Коптич не ответил. Поезд подъехал к платформе. В окне мелькнула вышка, в теплушку проник свет фонаря. Дверь отъехала, человек с карабином на плече громогласно объявил:
— Конечная. Выходим по одному.
Первым спрыгнул редактор, за ним рыжеволосый. Я высунул голову. Сразу за платформой тянулся забор из колючей проволоки, за ним трёхэтажное кирпичное здание. На фасаде вывеска крупными буквами: «Северный внешний пост». По периметру четыре вышки, между двумя дальними — деревянный барак. К нему мы и направились. Внутри стояли двухъярусные нары, как в жилом блоке, в конце за перегородкой сортир. Я надеялся, нас покормят, но всё тот же громогласный боец с карабином объявил, что до утра не будет ничего. Пришлось смириться.
[1] Если насмотреться на огонь электросварки, то возникает неприятное ощущение песка в глазах. На жаргоне строителей это называется «поймать зайчика»
Глава 9
Утром я первым делом осмотрел себя. Завершались вторые сутки, по словам Гука сегодня должны начаться метаморфозы. Сначала меняется цвет кожи.
Не поменялся. Тело по-прежнему покрыто среднерусским загаром, ровным, как одноимённая возвышенность. Ни пятен, ни высыпаний. Боли в рёбрах нет совершенно, да и синяка почти не видно. Я поднял руки, наклонился вперёд, назад, влево, вправо, присел. Тело слушалось идеально.
Принесли завтрак. Перед началом шоу я ждал чего-то впечатляющего, пусть не черепашьего супа и лионских устриц, но хотя бы кусок батона и яичницу. Подали зелёную кашу, а вместо компота лист крапивницы. Народ дружно застучал ложками. Я брезгливо поковырялся в густой массе. Есть хотелось жуть как, но зелёная еда аппетита не вызывала.

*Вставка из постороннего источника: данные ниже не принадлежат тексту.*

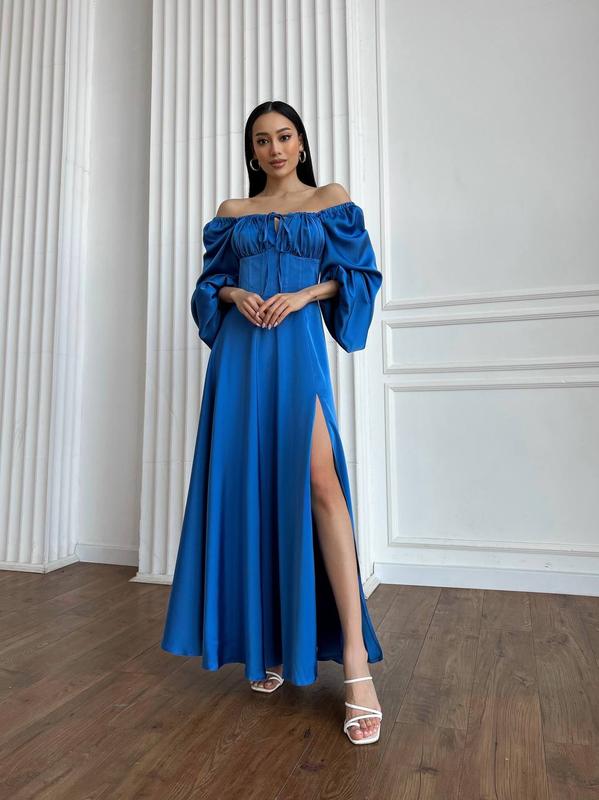Сатиновое длинное платье с длинными пышными рукавами и свободной юбкой

— Ешь, — требовательно проговорил Коптич.
— Не привлекает меня такая пища.
— Дурак. Для выхода за стены ничего лучше не придумаешь. Кроме сытости крапивница ещё и силу даёт.
— Допинг что ли?
— Про допинги не слышал, а вот крапивница любой пище фору даст. Не наногранды, конечно, с ними ничто не сравниться, но пользу почувствуешь.

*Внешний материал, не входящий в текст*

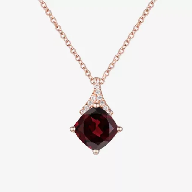 Womens Genuine Red Garnet 14K Rose Gold Over Silver 18 Inch Pendant Necklace
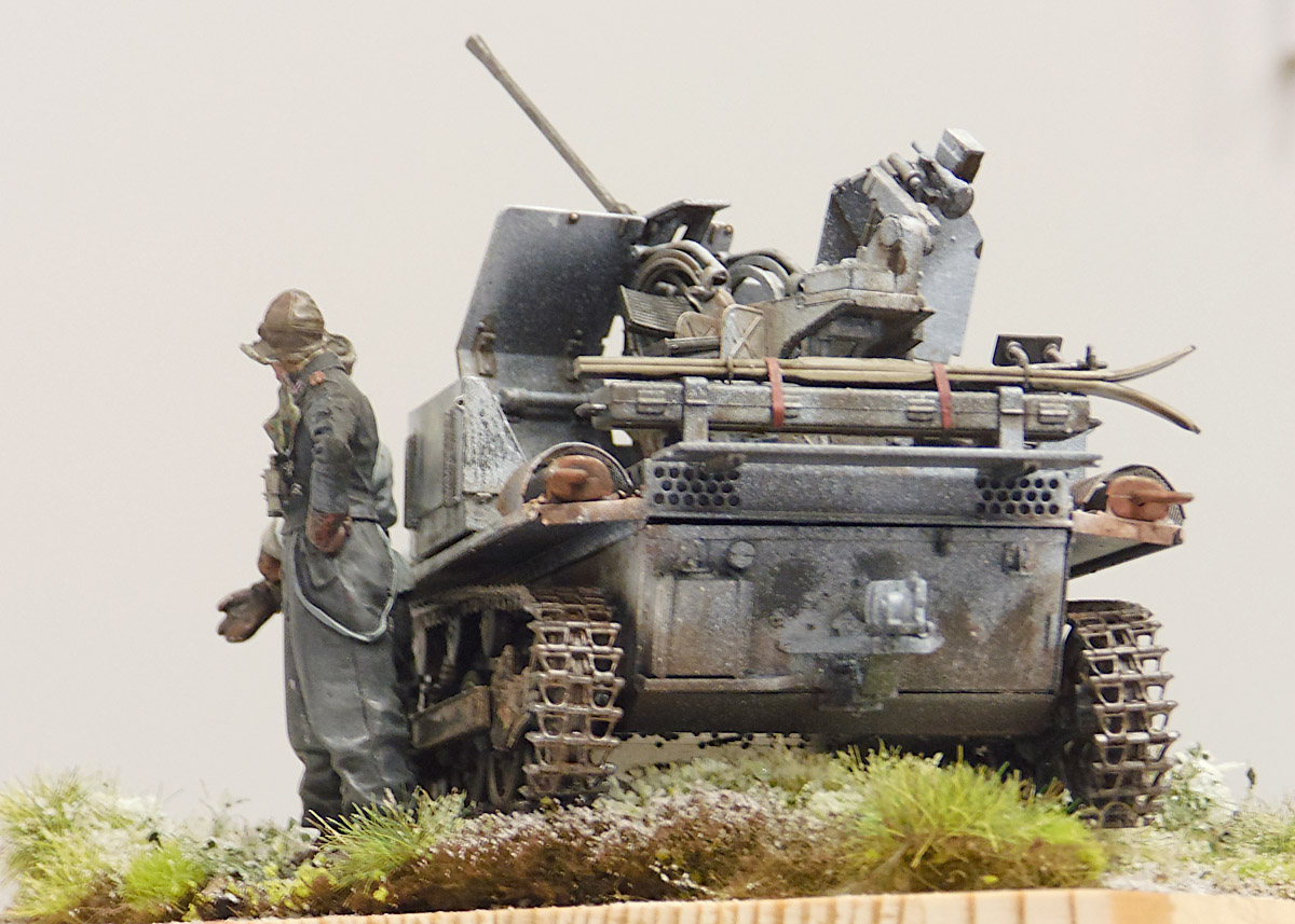 Hier gibt es noch ein Modell von unserem Lucas Neubert zu sehen. In 1/35 von der Firma Tristar baute Lucas den Flakpanzer 1A im Wintertarnkleid auf einer kleinen Base. Die Lackabplatzer gestaltete er mittels der Haarspraymethode und der Schnee rieselte als Natron „vom Himmel“. Die Figuren stammen von Alpine, lackiert natürlich in Eigenarbeit.

Я почерпнул полную ложку. Противно, но всё-таки съел. Пережёвывая, спросил:
— А ты наногранды пробовал?
— Их не пробуют, их в вену колют. По-нашему — зарядиться. Стандартная доза четырнадцать с половиной карат.
— И что чувствуешь?
Коптич пожал плечами и ответил равнодушно:
— Опасность. Как будто третий глаз открывается. Интуиция работает, словно проклятая, повышается скорость, выносливость. Водка не рекомендуется, алкоголь для нанограндов угроза, они начинают его перерабатывать, увеличивается расход. По шарам не бьёт, а наногранды теряются — не выгодно.
— Долго доза работает?
— От ситуации. Но вообще около месяца. Если рану получил, то расход ускоряется. Я однажды пулю в печень схлопотал, вколол себе восемь карат, больше не было. Через три дня бегал. Правда, и нанограндов в крови не осталось.
— Они тебе сами об этом сообщили? — недоверчиво усмехнулся я.
— Когда в крови есть наногранды, на радужке серебряный отлив появляется. А когда он исчезает, значит, наногранды вышли. Такая вот биология.
— А почему именно четырнадцать с половиной карат?
— При меньшей дозе расход выше. Я не учёный, точно не скажу, как всё происходит, но если бы в тот раз вколол себе не восемь карат, а полную дозу, то и печень вылечил, и пару недель с нанограндами ходил. А выше смысла нет. Лишние наногранды просто не сработают. Организм их отторгает. Это у тварей в крови их может быть сколько угодно, а у нас все излишки выводятся естественным путём.